+++ Extracted data

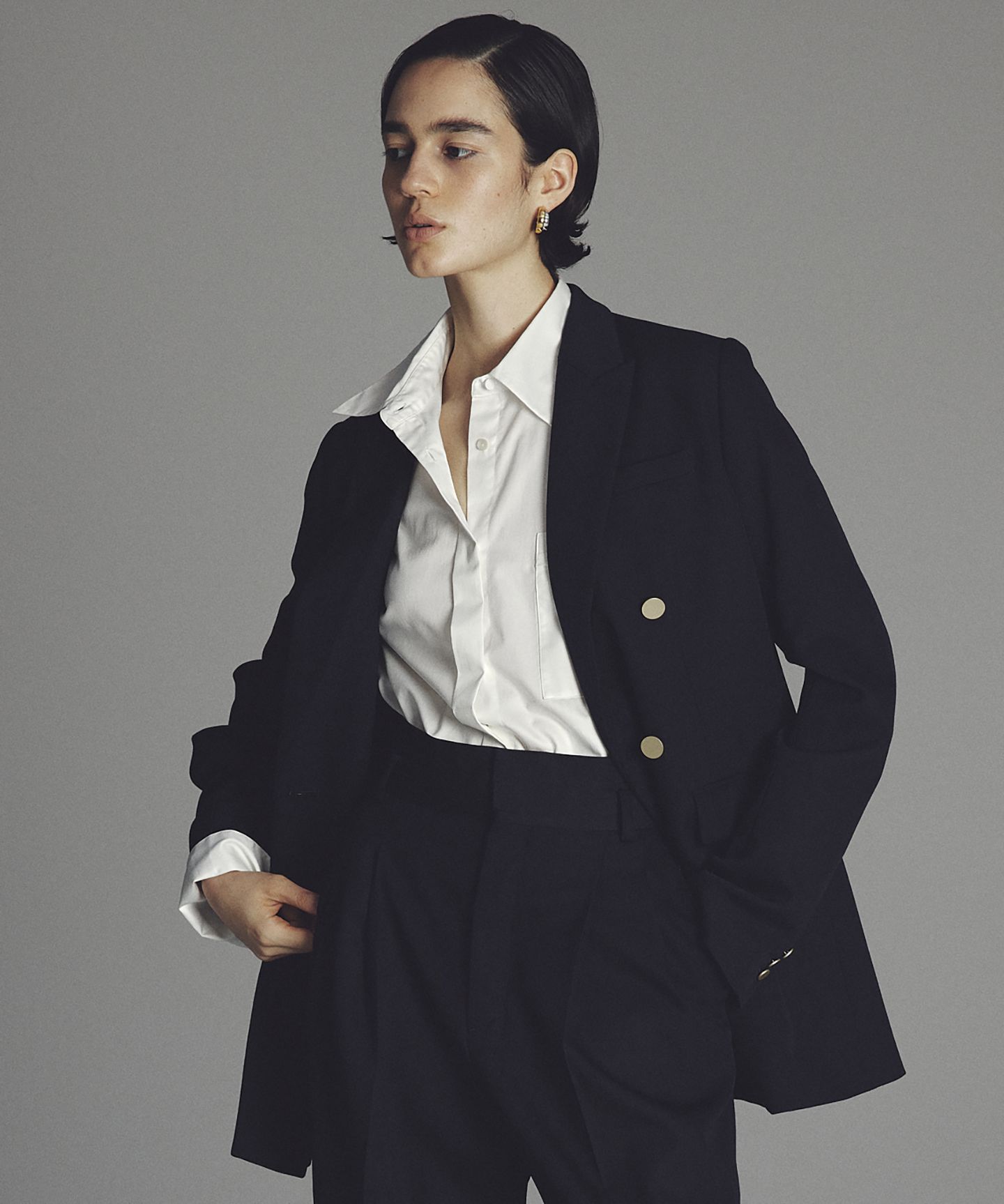 モヘアなど4種類の素材を絶妙なバランスで組み合わせたニットは、伸縮性があり着心地抜群。裏地もなくカーディガン感覚で着こなしやすい。金ボタンが高級感のあるクラシカルさを演出してくれる。きちんと感が求められるシーンでは、フロントの金ボタンはすべてとめて着用。
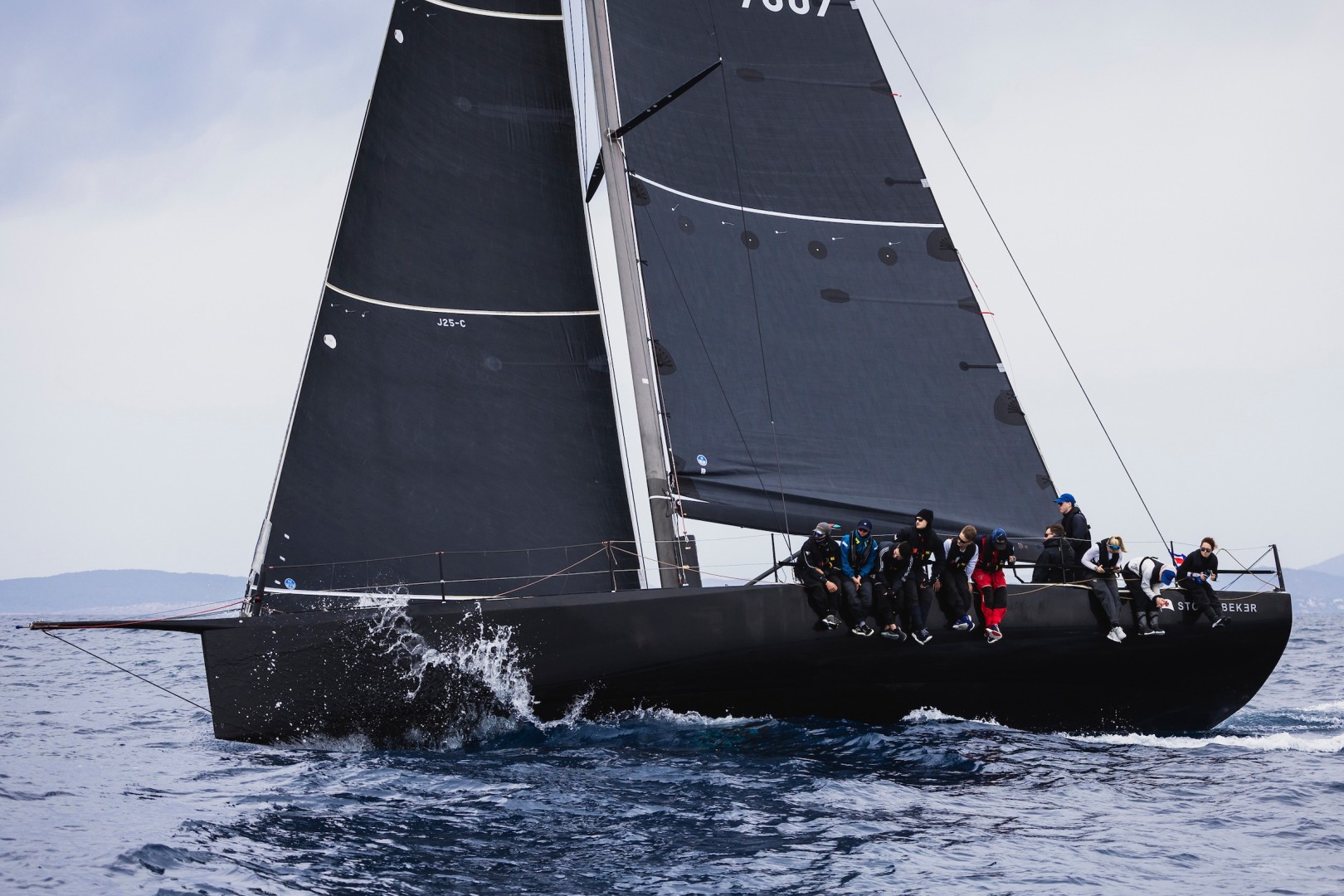 Torben Muhlbach’s “Stoertebeker” was the fastest boat over the start line in the Bay of Palma and was able to escape from the rest of the fleet at the first compulsory mark in Cabrera.
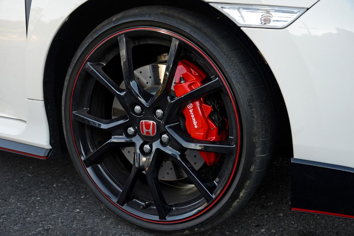 Looks aside, a lot has changed under the sheet metal. The new body is stiffer and overall weight has been reduced, and the new car is longer and lower than the outgoing model. There's a big focus on aerodynamics and the wings all serve a purpose, some of them facilitate cooling, while others aid road-holding. Furthermore, there's a trick suspension setup with an all-new adaptive damping system. With the new Comfort mode, you can, in actual fact, live with the car on a daily basis and not have your spine realigned each time you drove over an uneven patch of tarmac. The new car also features a new power-steering setup, which is calibrated to each of the three driving modes (comfort, sport, Race). The new Honda Civic Type R rides on 20-inch alloys wrapped in 245/30 R rubber.
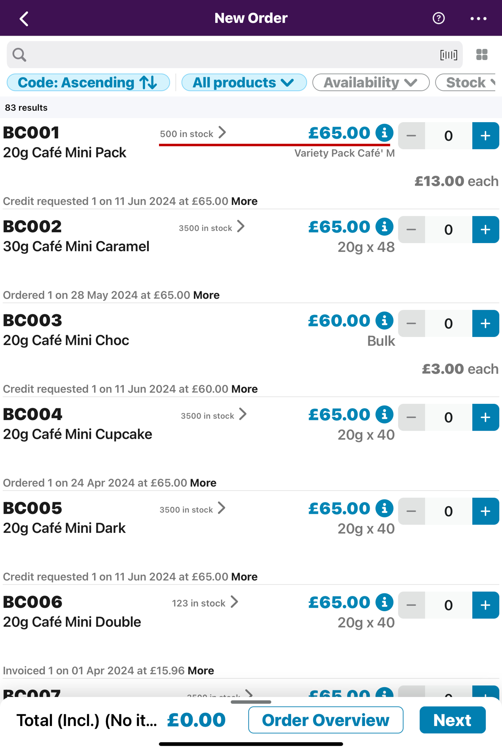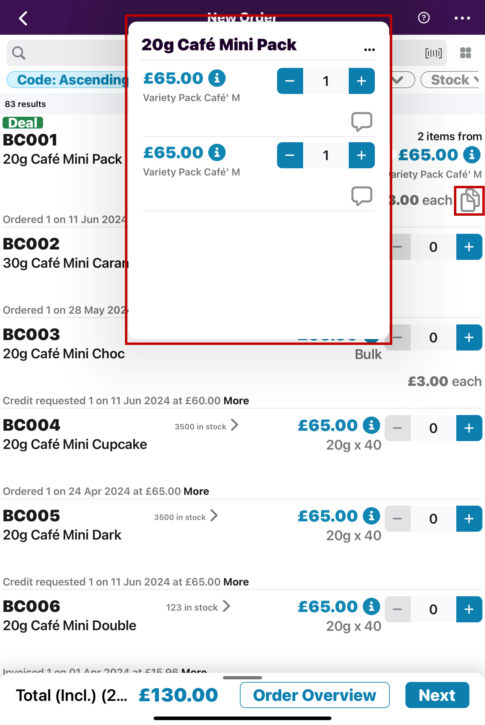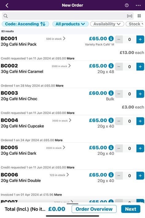 This will take you to the catalogue view, displaying your product images, details, pricing and stock level. Click on any of the images to enlarge them. You can also add quantities from here by clicking on the quantity block like we did earlier, or selecting the blue +.
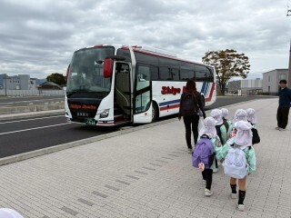 11月5日に年少組はバスに乗って荒神山公園に行きました! 初めてのバスに子どもたちは大喜びでした☆ お外でお弁当も食べておいしかったよ♪ | ||
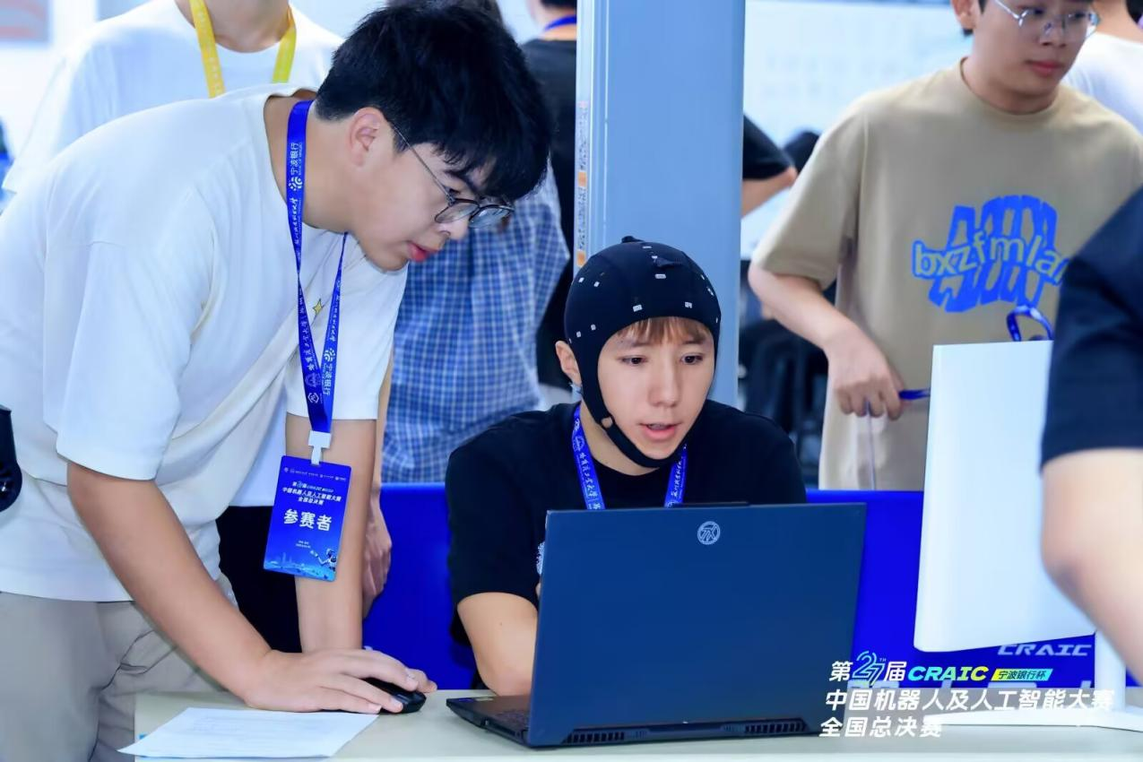 本次大赛由中国机器人及人工智能大赛组委会主办,设有42项一等奖、62项二等奖、61项三等奖及41项优秀奖,竞争尤为激烈。我院余维、赵君喆和黎平国等老师指导的Fighting队(成员:马欣怡、覃雅涵、阳莹莹)和云梦队(成员:王梦、段生成、郑好)成功晋级国赛。意念操控,决胜分毫!我校参赛队员在指挥席上化身“意念雕塑”:身体静止、目光如电,连眨眼都成了挑战。他们全神贯注,仅凭脑电波便精准驾驭小车——从“入口”疾驰入道,穿越“任务区”,最终驶离“出口”。前进后退、左右转向、鸣笛亮灯,一切尽在“脑海”掌控。凭借这非凡的专注力与操控技术,两支队伍在强手如林的全国总决赛中,双双勇夺国家二等奖!
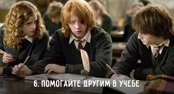Гермионе не жалко делиться знаниями — она с готовностью (которую некоторые её однокурсники скорее бы назвали «настырностью») объясняет отстающим ученикам материал и помогает с домашними заданиями. У Гермионы жёсткие принципы: она не соглашается делать задания за кого-то и не даёт списывать. Но часто выручает Рона и Гарри, разрешая им читать свои конспекты и проверяя их работы. Пожалуй, это правильная тактика для отличника, который не против помочь другим, но не хочет, чтобы ему сели на шею.
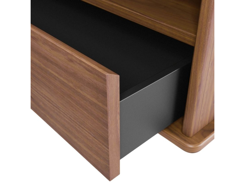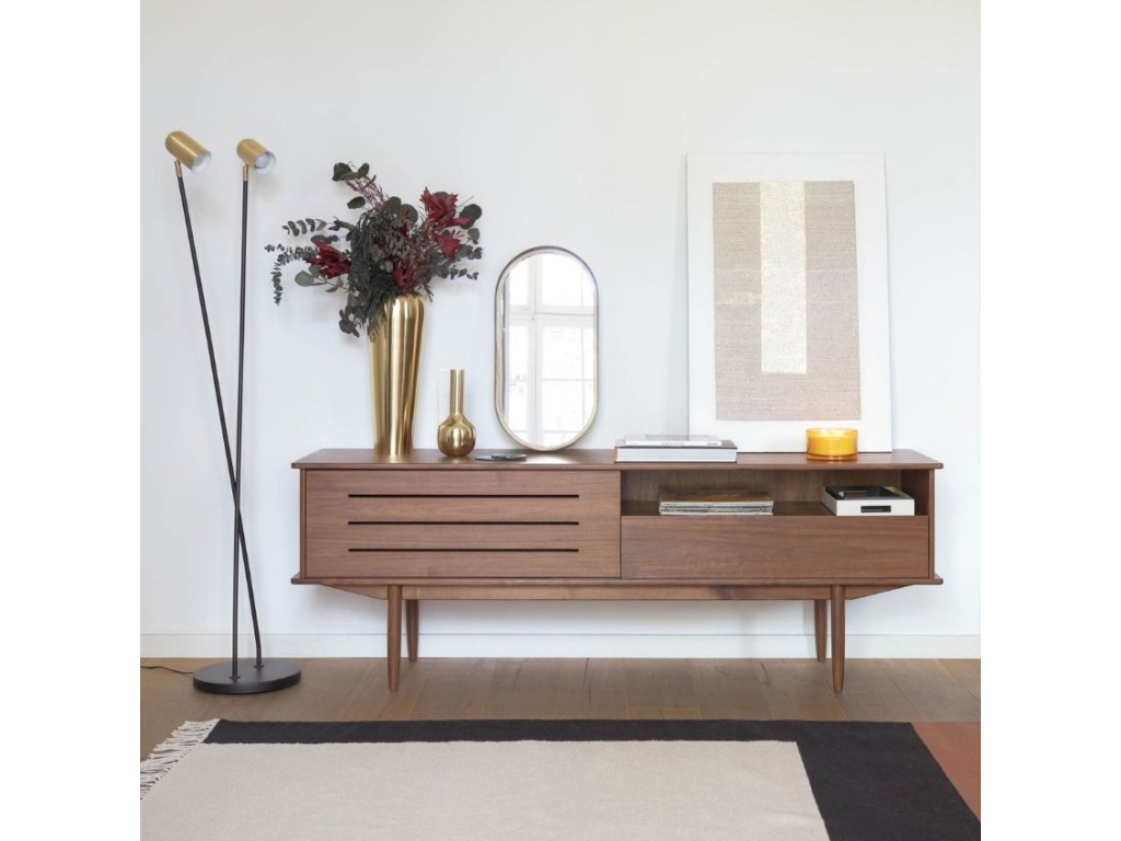 Designový ořechový TV stolek Kave Home Carolin bude vypadat dokonale v každém moderním interiéru s přírodními prvky. TV stolek Carolin se skládá z jedné zásuvky a dvou nastavitelných polic, které nabízí dostatek prostoru pro váš inventář. Pohodlné otevírání prostorného úložného prostoru zajišťují výklopná dvířka, která mají navíc větrací otvory a jsou nastavitelné. Korpus, dvířka, police i zásuvka jsou vyrobeny z ořechové dýhy. TV stolek je doplněn dřevěnou podnoží z masivního ořechového dřeva, ze kterého je vyroben i rám stolku. Doporučujeme kombinovat se zbytkem kolekce Carolin pro perfektně sladěný interiér.
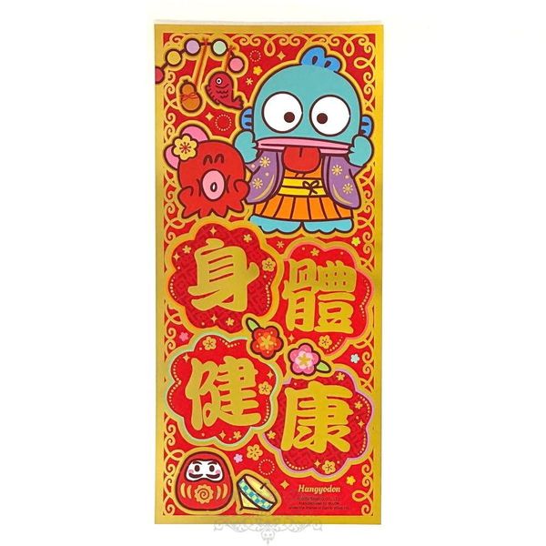 SANRIO-HANGYODON 水怪 港版 2026 馬年 賀年 直款 紅色 金邊框 雙賀語 揮春 30.5X14CM 新年 裝飾 海怪 人魚漢頓 (身體健康)
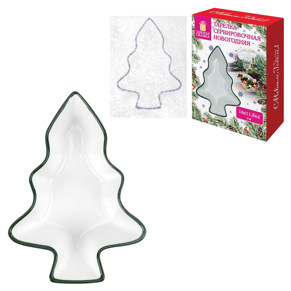 Тарелка сервировочная новогодняя 16х11,8х4 см,"Елочка", каменная керамика, ЗОЛОТАЯ СКАЗКА, 592547

++++++

What you will do
Omit all images when repeating the data above exactly.

Solved exercise
 モヘアなど4種類の素材を絶妙なバランスで組み合わせたニットは、伸縮性があり着心地抜群。裏地もなくカーディガン感覚で着こなしやすい。金ボタンが高級感のあるクラシカルさを演出してくれる。きちんと感が求められるシーンでは、フロントの金ボタンはすべてとめて着用。
 Torben Muhlbach’s “Stoertebeker” was the fastest boat over the start line in the Bay of Palma and was able to escape from the rest of the fleet at the first compulsory mark in Cabrera.
 Looks aside, a lot has changed under the sheet metal. The new body is stiffer and overall weight has been reduced, and the new car is longer and lower than the outgoing model. There's a big focus on aerodynamics and the wings all serve a purpose, some of them facilitate cooling, while others aid road-holding. Furthermore, there's a trick suspension setup with an all-new adaptive damping system. With the new Comfort mode, you can, in actual fact, live with the car on a daily basis and not have your spine realigned each time you drove over an uneven patch of tarmac. The new car also features a new power-steering setup, which is calibrated to each of the three driving modes (comfort, sport, Race). The new Honda Civic Type R rides on 20-inch alloys wrapped in 245/30 R rubber.
 This will take you to the catalogue view, displaying your product images, details, pricing and stock level. Click on any of the images to enlarge them. You can also add quantities from here by clicking on the quantity block like we did earlier, or selecting the blue +.
 11月5日に年少組はバスに乗って荒神山公園に行きました! 初めてのバスに子どもたちは大喜びでした☆ お外でお弁当も食べておいしかったよ♪ | ||
 本次大赛由中国机器人及人工智能大赛组委会主办,设有42项一等奖、62项二等奖、61项三等奖及41项优秀奖,竞争尤为激烈。我院余维、赵君喆和黎平国等老师指导的Fighting队(成员:马欣怡、覃雅涵、阳莹莹)和云梦队(成员:王梦、段生成、郑好)成功晋级国赛。意念操控,决胜分毫!我校参赛队员在指挥席上化身“意念雕塑”:身体静止、目光如电,连眨眼都成了挑战。他们全神贯注,仅凭脑电波便精准驾驭小车——从“入口”疾驰入道,穿越“任务区”,最终驶离“出口”。前进后退、左右转向、鸣笛亮灯,一切尽在“脑海”掌控。凭借这非凡的专注力与操控技术,两支队伍在强手如林的全国总决赛中,双双勇夺国家二等奖!
Гермионе не жалко делиться знаниями — она с готовностью (которую некоторые её однокурсники скорее бы назвали «настырностью») объясняет отстающим ученикам материал и помогает с домашними заданиями. У Гермионы жёсткие принципы: она не соглашается делать задания за кого-то и не даёт списывать. Но часто выручает Рона и Гарри, разрешая им читать свои конспекты и проверяя их работы. Пожалуй, это правильная тактика для отличника, который не против помочь другим, но не хочет, чтобы ему сели на шею.
 Designový ořechový TV stolek Kave Home Carolin bude vypadat dokonale v každém moderním interiéru s přírodními prvky. TV stolek Carolin se skládá z jedné zásuvky a dvou nastavitelných polic, které nabízí dostatek prostoru pro váš inventář. Pohodlné otevírání prostorného úložného prostoru zajišťují výklopná dvířka, která mají navíc větrací otvory a jsou nastavitelné. Korpus, dvířka, police i zásuvka jsou vyrobeny z ořechové dýhy. TV stolek je doplněn dřevěnou podnoží z masivního ořechového dřeva, ze kterého je vyroben i rám stolku. Doporučujeme kombinovat se zbytkem kolekce Carolin pro perfektně sladěný interiér.
 SANRIO-HANGYODON 水怪 港版 2026 馬年 賀年 直款 紅色 金邊框 雙賀語 揮春 30.5X14CM 新年 裝飾 海怪 人魚漢頓 (身體健康)
 Тарелка сервировочная новогодняя 16х11,8х4 см,"Елочка", каменная керамика, ЗОЛОТАЯ СКАЗКА, 592547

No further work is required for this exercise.